Grit Grocery founders Michael Powell and Dustin Windham competed in the Food+City Challenge Prize in 2018.

Grit Grocery has put a gourmet grocery into a food truck. Working directly with farmers and other local producers, Grit Grocery launched a fleet of grocery trucks to bring fresh ingredients and meal-kit bundles into urban areas — starting in Houston — underserved by traditional grocery options. We visited with cofounders Michael Powell and Dustin Windham to find out how they’re doing after competing in the Food+City Challenge Prize in 2018.

What’s your founding date?

Founded in 2015, pilot in 2016-2017, full-scale launch in April 2018.

How big is your team?

Five co-founders, plus a team of seven who drive trucks, sell food, work in the kitchen and organize the warehouse.

What problem are you solving?

Grit Grocery trucks bring fresh local food products to urban locations that don’t have food retailers or that have stores that carry mainly processed nonperishable food. We’ve designed a shopping experience that provides ideas and inspirations for healthy, easy, fresh, local-food meal solutions, tonight.

What’s been the biggest surprise about running your business?

A lot of local brands are producing and growing great food, but they don’t have access to customers through a retail outlet. We get a lot of these groups asking to get their products on the truck. We also hear from apartment complexes and developers requesting that Grit be at their residences.
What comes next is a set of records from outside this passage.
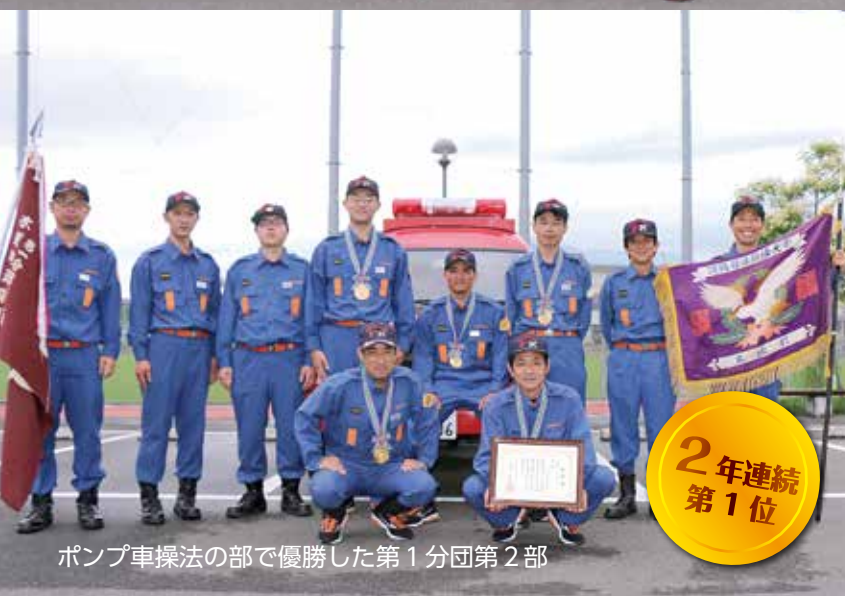
ポンプ車操法の部で優勝した第1分団第2部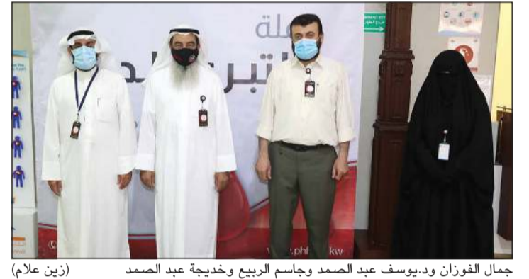
جانب من المتبرعين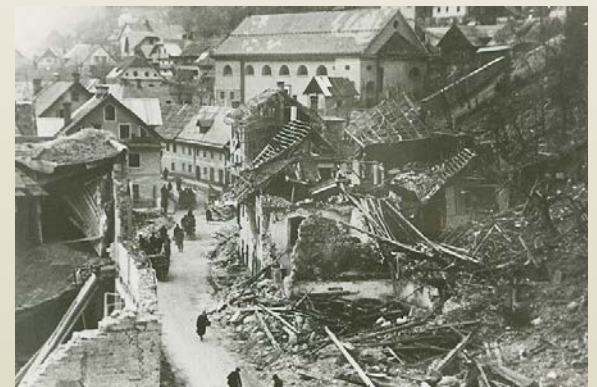
Gosposvetska ulica na Jesenicah, 1. 3. 1945

Anglo-ameriška letala so 1. 3. 1945 silovito napadla zelo pomembno jeseniško železniško križišče. Zaradi nemške protiletalske obrambe so morala bombe odvreči na veliki višini, zato niso padale samo na železnico, ampak tudi na številne okoliške hiše.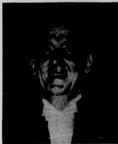
JACQUES DE LACRETELLE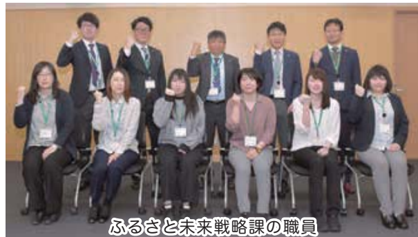
ふるさと未来戦略課の職員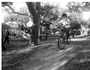
BTT na Quinta do Priôlo

O Clube K cria departamento de ciclismo em Novembro de 2015, dando forma à atividade que vinha já desenvolvendo com uma pista para os mais novos situada na Quinta do Priôlo e que sempre despertou muito interesse e entusiasmo junto dos mais novos. É uma modalidade que potencia a resistência, a velocidade, a agilidade, a coordenação e o equilíbrio, assim como promove a consciência ecológica e cria hábitos de vida saudáveis, aumentando a capacidade respiratória e favorecendo o sistema circulatório. Estimula o desenvolvimento dos valores sociais, como o companheirismo, o respeito e a solidariedade, para os que a encaram como lazer, mas também, apela a um espírito de superação, segurança e confiança para os que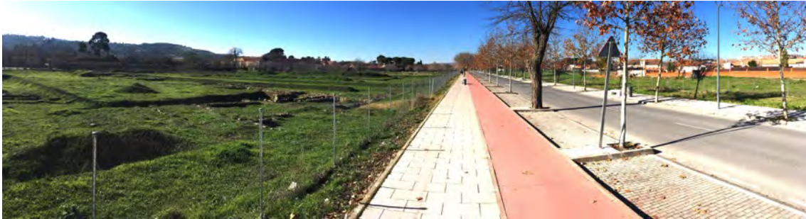
Estado actual de los restos en el sector de la avenida de Carlos III (dirección Este Oeste) que comunica con la Fábrica de Armas y San Pedro El Verde.

El proyecto urbanístico dio paso a una década sin mayores sobresaltos, combinando la resolución de indemnizaciones del proyecto inicial con discretos trabajos de consolidación y limpieza del yacimiento, junto a tímidas propuestas de gestión que nunca llegaron a término.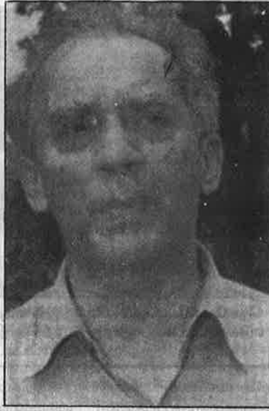
பா.ஜ.க. ஆட்சியில் தனியார்மயமாக்கல் துறையின் அமைச்சராக இருந்த அருண்ஷோரி.

அ த ா வ து , வி.எஸ்.என்.எல். பங்கு விற்பனைமூலம் அரசுக்குக் கிடைத்த தொகை ரூ. 1439.25 கோடி. பங்கு விற்பனையின் போது, வி.எஸ்.என்.எல். -இன் சொத்து மதிப்பில் சேர்க்கப்படாத, வரி வருவாய் வழக்கில் கிடைத்த ஆதாயத் தொகை ரூ.1400 கோடி. ஆக, வி.எஸ்.என்.எல்.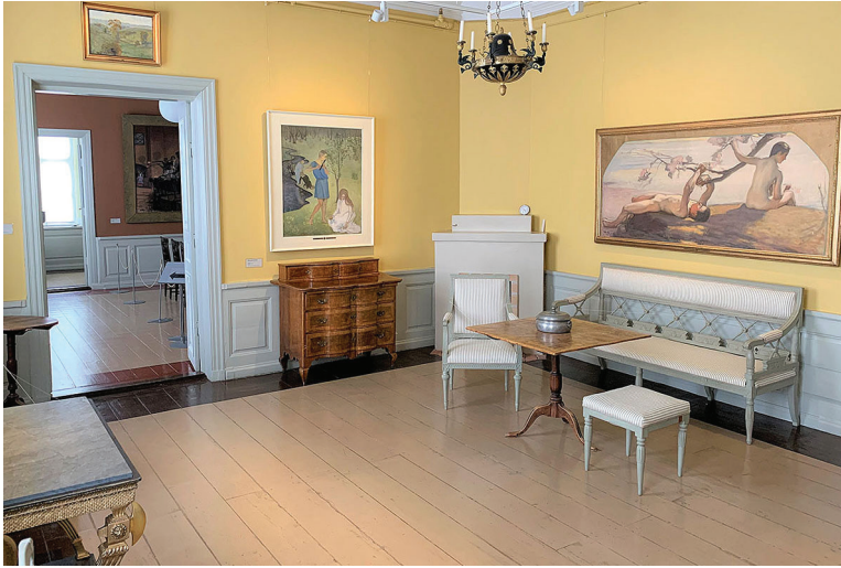
Kuva 5. Roosin talon keltainen förmaaki eli vierashuone nykyisessä asussaan.

Tätä taustaa vasten voidaan tarkastella keisarin vierailun olosuhteita tuolisessa Roosin talossa. Alakerros oli perheen arkikäytössä ja toinen kerros sisustettuna juhlatilaisuuksia varten. Kertoman mukaan kauppias Roos ei ollut säästellyt kuluja saadakseen yläkerroksen huoneet keisarin vierailuun soveltuviksi. Mainitaan myös, että Roos oli varta vasten tilannut Tukholmasta kokonaisen förmaakin kaluston vierailua varten. 24 Olihan maaherra de Carnall hiljattain kehottanut juuri tällaisia järjestelyjä. 25 Syytä siihen, miksi huonekalut hankittiin Tukholmasta eikä esimerkiksi Pietarista voidaan vain pohtia, sillä Roosin kauppahuoneen arkistoa ei ole säilynyt, ja myös muuta sukuun liittyvää kirjallista aineistoa on säilynyt äärettömän vähän 26 . Ulkomaankaupan painopiste oli 1820-luvun lopulle saakka edelleen Tukholmassa, joten todennäköisenä syynä voidaankin näin pitää vanhoja kontakteja entiseen pääkaupunkiin. 27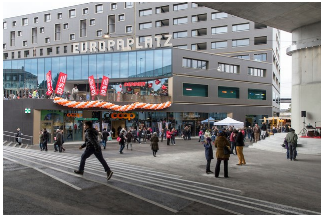
Am Mittwoch wurden im Haus der Religionen in Bern 160 Diplomaten herumgeführt (Archivbild).

Bern 160 Mitglieder des diplomatischen Corps und der Eidgenössischen Räte haben am Mittwoch das Haus der Religionen besucht.

We already have a long waiting list of sites.

What part of the food system are you in?

Grit Grocery is a retail destination. We source directly from local farmers and ranchers as much as possible. As a retailer, we are at the front line of customer interaction.

What was the big idea that got you started?

Why is it so difficult to put together all of our meals over the course of the week with fresh, local, healthy food? There’s something wrong with food retail — and with the traditional grocery store model, in particular — that makes it hard for so many people to eat healthy, find local foods and put together meals. While we’ve seen a lot of innovation in how food is grown and produced, retail innovation has been lacking. New online options are promising but lack the flexibility to be a good fit for today’s urban life. This is where Grit Grocery started.

Whom are you competing with?

Traditional grocery stores and other big-box stores are obviously the main source of food retail. Organic and specialty grocers offer food more in line with what Grit offers, but they mainly carry nonlocal food and a lot of processed food. Farmer’s markets are not competitors, but they do overlap with Grit’s offerings — though their shopping experiences are not strategically designed for customers. Online grocers and meal-kit providers are similarly flexible when it comes to delivering food retail access, but they also come up short in responding to a customer’s daily food issues and needs.

The coolest food system innovation I’ve heard of is…

Coolbot. Build a poor man’s walk-in cooler.

The scariest thing about today’s food system is…

Nowadays, food is everywhere you look, from the airport to the hardware store, schools to the office. But most of it seems to be processed junk. Society is busier than ever and we have created more on-the-go occasions to eat food than can possibly be healthy, or that can accommodate real food solutions. The processed food industry likes that and profits enormously.

What’s your latest big news?

We released a Chatbot in October 2018 that allows people to use their smartphone to order a meal for pickup at the truck. They can also use the Chatbot to find the Grit Grocery truck and order a Grit-Together, a unique dinner party event for small groups.

Best advice you’ve received?

Be resilient. That’s what grit is all about. Keep trying new things, putting ideas into action and watching to see what works and what needs further improvement.

What advice do you give to potential startup founders?

Good strategy and technology are not enough. People and their food habits are kind of weird and hard to predict. You need to test and get in front of people, see how they really engage with your food or product in their daily lives.